Клочья паутины
Шрифт:
Первое время я не обращал внимания на ее праздничные отлучки из дому, но вскоре во мне зашевелилось ревнивое чувство собственника — самца. Когда Фрося, лежа рядом со мной, передавала мне о том, как весело и с кем она провела предыдущую ночь, я молча отворачивался от нее и страдал от ее слов с каждым разом все больше и больше.
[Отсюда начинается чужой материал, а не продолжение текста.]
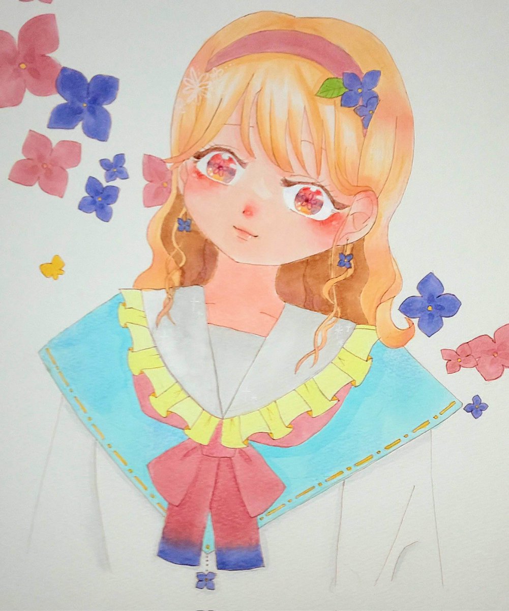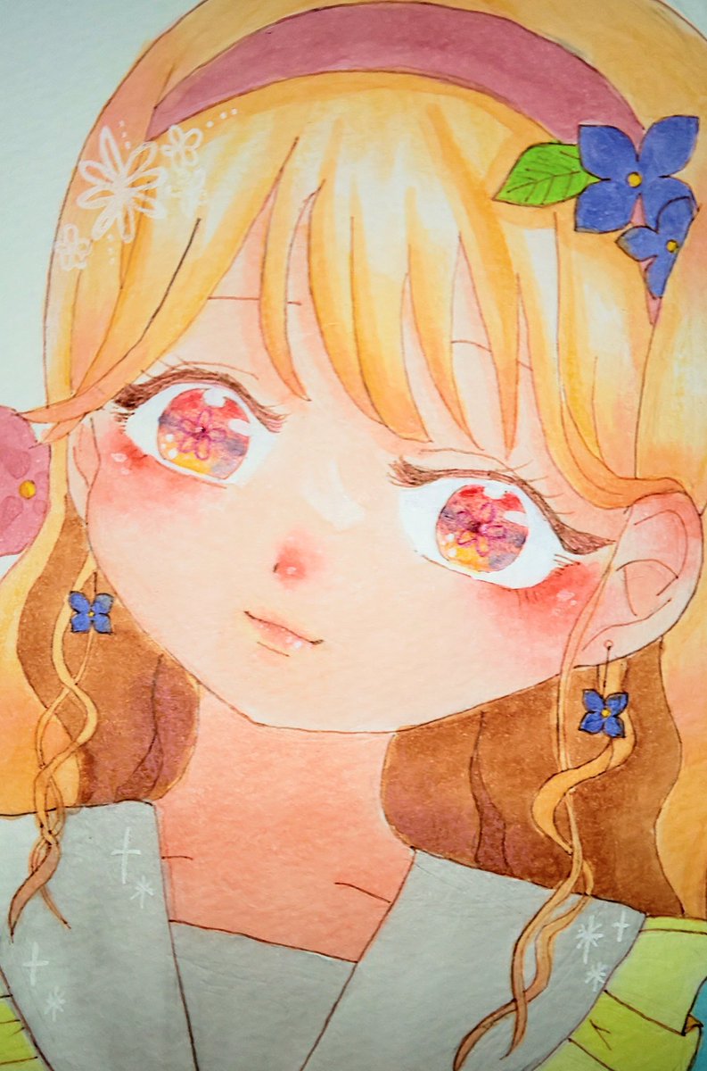 紫陽花に溶けて さっき投稿したイラストの顔アップです✨❤全体像も是非見てください😊 #イラスト好きさんと繋がりたい #イラスト #絵描きさんと繋がたい #illustration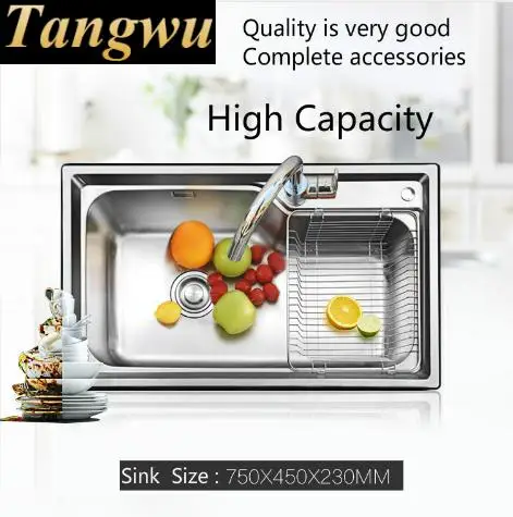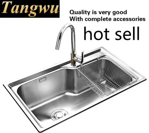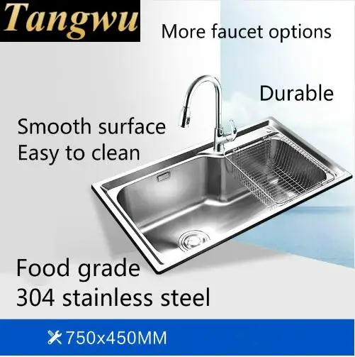Product Name: Free Shipping Home Luxury Wash Vegetables High Capacity Big Kitchen Single Trough Sink 304 Stainless Steel 75x45 CM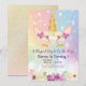 Denna magiska enhörning 1-års inbjudan är säker på att behaga! Vackra regnbågsfärger med glitterguld enhörning gör en unik och speciell inbjudan för din super speciella 1-åring.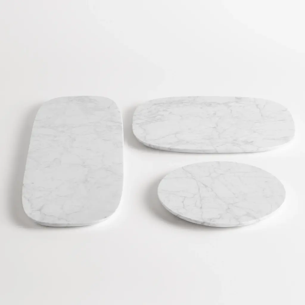 Soft shapes become hard to resist in these versatile trays. Available in three organic forms (small, medium and large) and three exquisite marbles to enable your inner tablescape artist and delight your guests.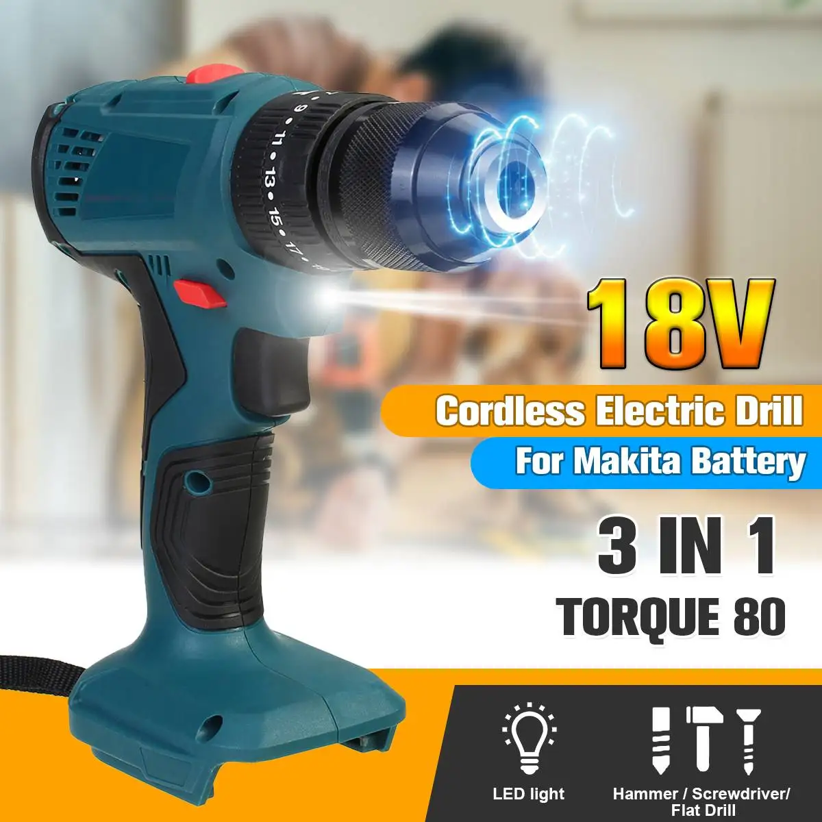18 в 10 мм 3 в 1 матовая ударная электрическая дрель, отвертка для аккумулятора Makita, 20 + 3 режима крутящего момента, беспроводная дрель 38 дюйма
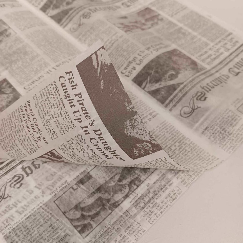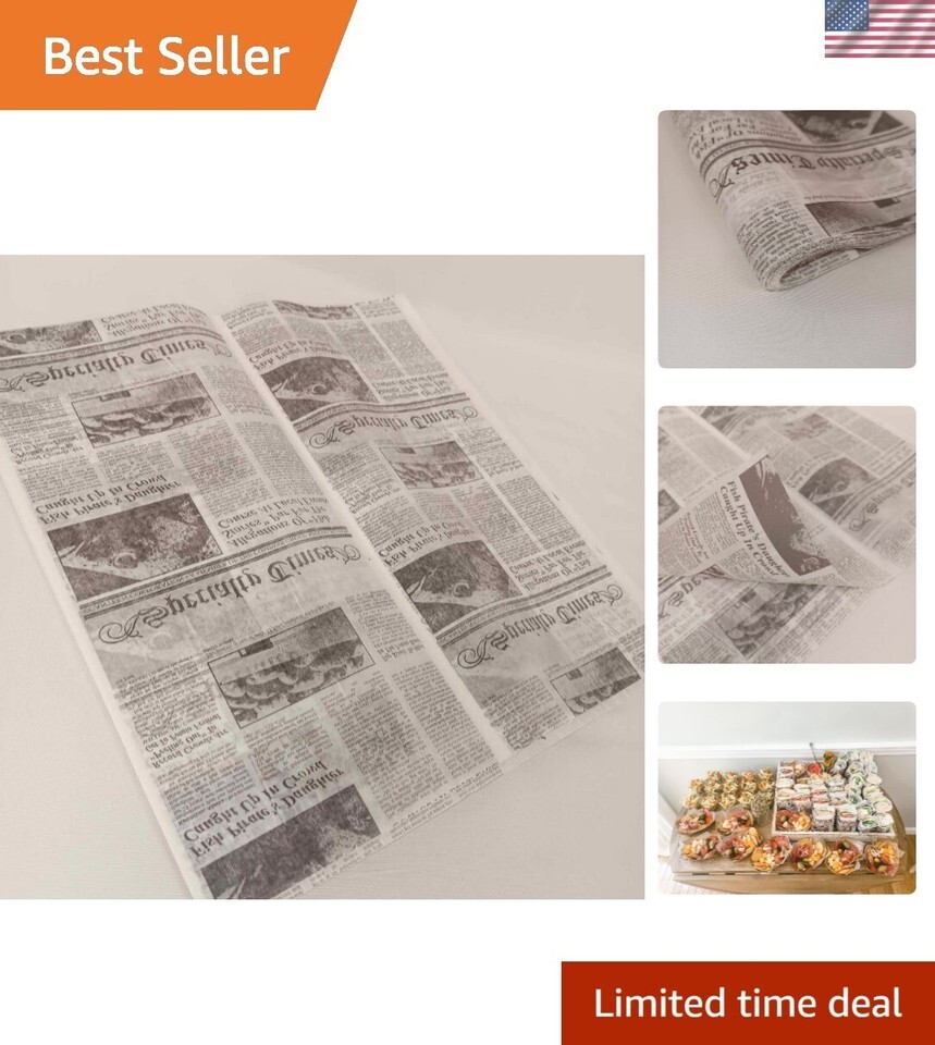 Deli Paper Sheets Sandwich Wrap Paper - Food Wrapping Grease Resistant Checkered Basket Liners, 12" x 12" Newspaper Print, 250 Count
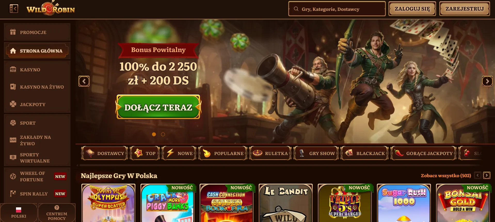 Strona została przystosowana dla polskich graczy – nie tylko język, ale też lokalne płatności jak BLIK. Program lojalnościowy ma 5 poziomów, a bonus powitalny sięga 2250 PLN plus 200 darmowych spinów. Wild Robin Casino online z pewnością ma czym przyciągnąć nowych użytkowników. Ta Wild Robin casino review przeanalizuje wszystkie ważne aspekty działania operatora.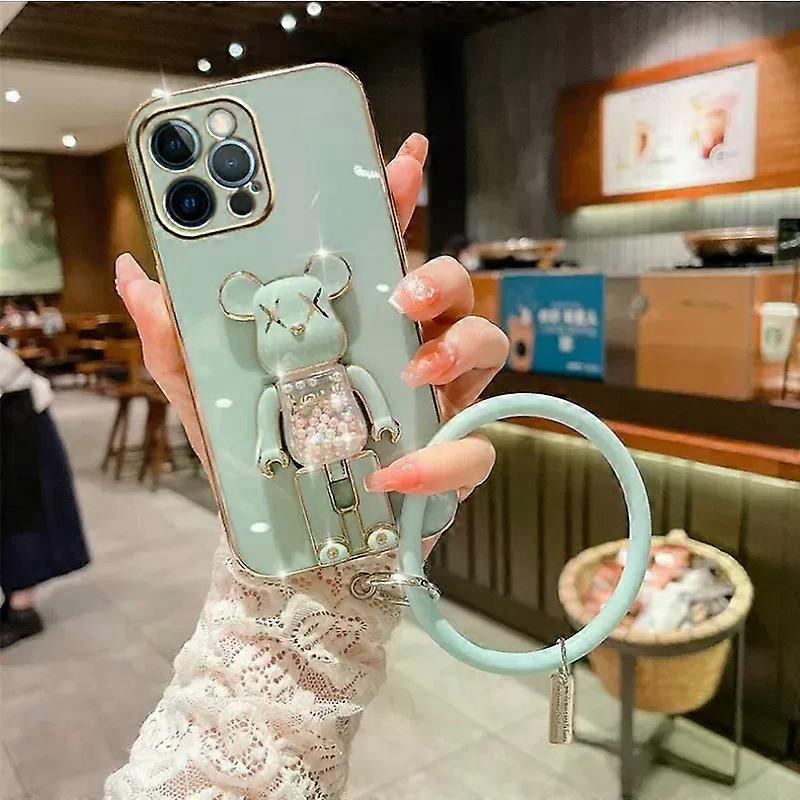 3D Candy Color Bear Rotating Phone Case for iPhone 15 14 12 pro X XS XR 7 8 plus Silver Elegant with Wrist Strap Compatible with Apple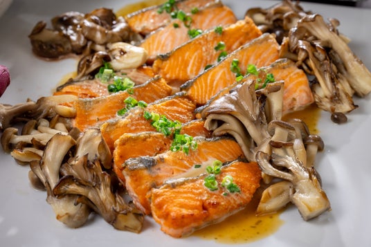 鮭の茸たっぷり山椒味噌ソース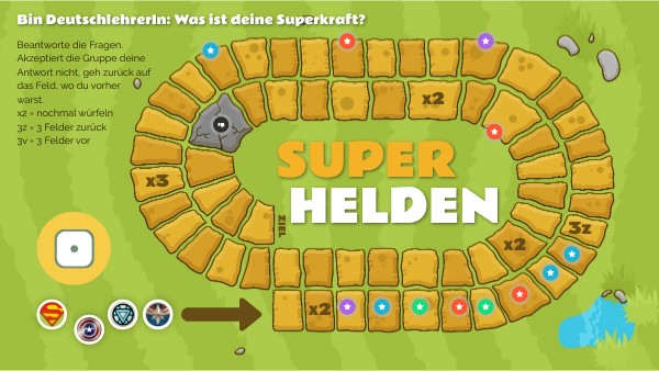 Beantworte die Fragen. Akzeptiert die Gruppe deine Antwort nicht, geh zurück auf das Feld, wo du vorher warst.x2 = nochmal würfeln 3z = 3 Felder zurück 3v = 3 Felder vor

Не раз я, сдерживая волнение, намекал ей на то, что, сойдясь со мной, ей не следовало бы искать еще случайных любовников, но говорил это так туманно, что вряд-ли она понимала меня как следует. И Фрося попрежнему каждый праздник уходила со двора, а я, привязываясь к ней все больше и больше, доходил де отчаяния, до бешенства, но сдерживался и молчал, чувствуя, что не имею права требовать от нее того, чего мне хотелось. Наоборот, я старался обмануть себя, смягчить остроту чувства, и по субботам уходил из дому раньше Фроси, а когда она приходила,
Однажды какая-то работа заставила меня быть дома в то время, когда Фрося собиралась уйти со двора.
Затаив дыхание, я прислушивался к шуршанию ее платья, к плеску воды; по звуку определял каждое ее движение, отчетливо, остро сознавал, что сейчас Фрося кончит свой туалет и уедет к кому то другому, который ей будет так же, мил, как и я, и все почему-то надеялся, что этого не случится. А когда дверь ее комнаты хлопнула и знакомые шаги стали удаляться, клубок слез подступил к горлу, я закусил до крови губы, чтобы не разрыдаться, и выбежал на улицу, мимо Фроси, не глядя на нее, боясь остановиться и заговорить с ней.
Через час я уже сидел с двумя товарищами в веселом ресторанчике, но злое обидное чувство все еще не оставляло меня.
Рядом с нами сидели за столиком две нарумяненные девицы и томительно, скучно тянули по глотку пиво. Они охотно пересели к нам, стали пить водку, с жадностью есть горячий ужин, а когда наелись, повеселели, стали рассказывать скверные анекдоты и звать к себе. Я много пил и старался найти в этих девицах сходные с Фросей черты, и чем больше находил их, тем становился спокойнее и довольней.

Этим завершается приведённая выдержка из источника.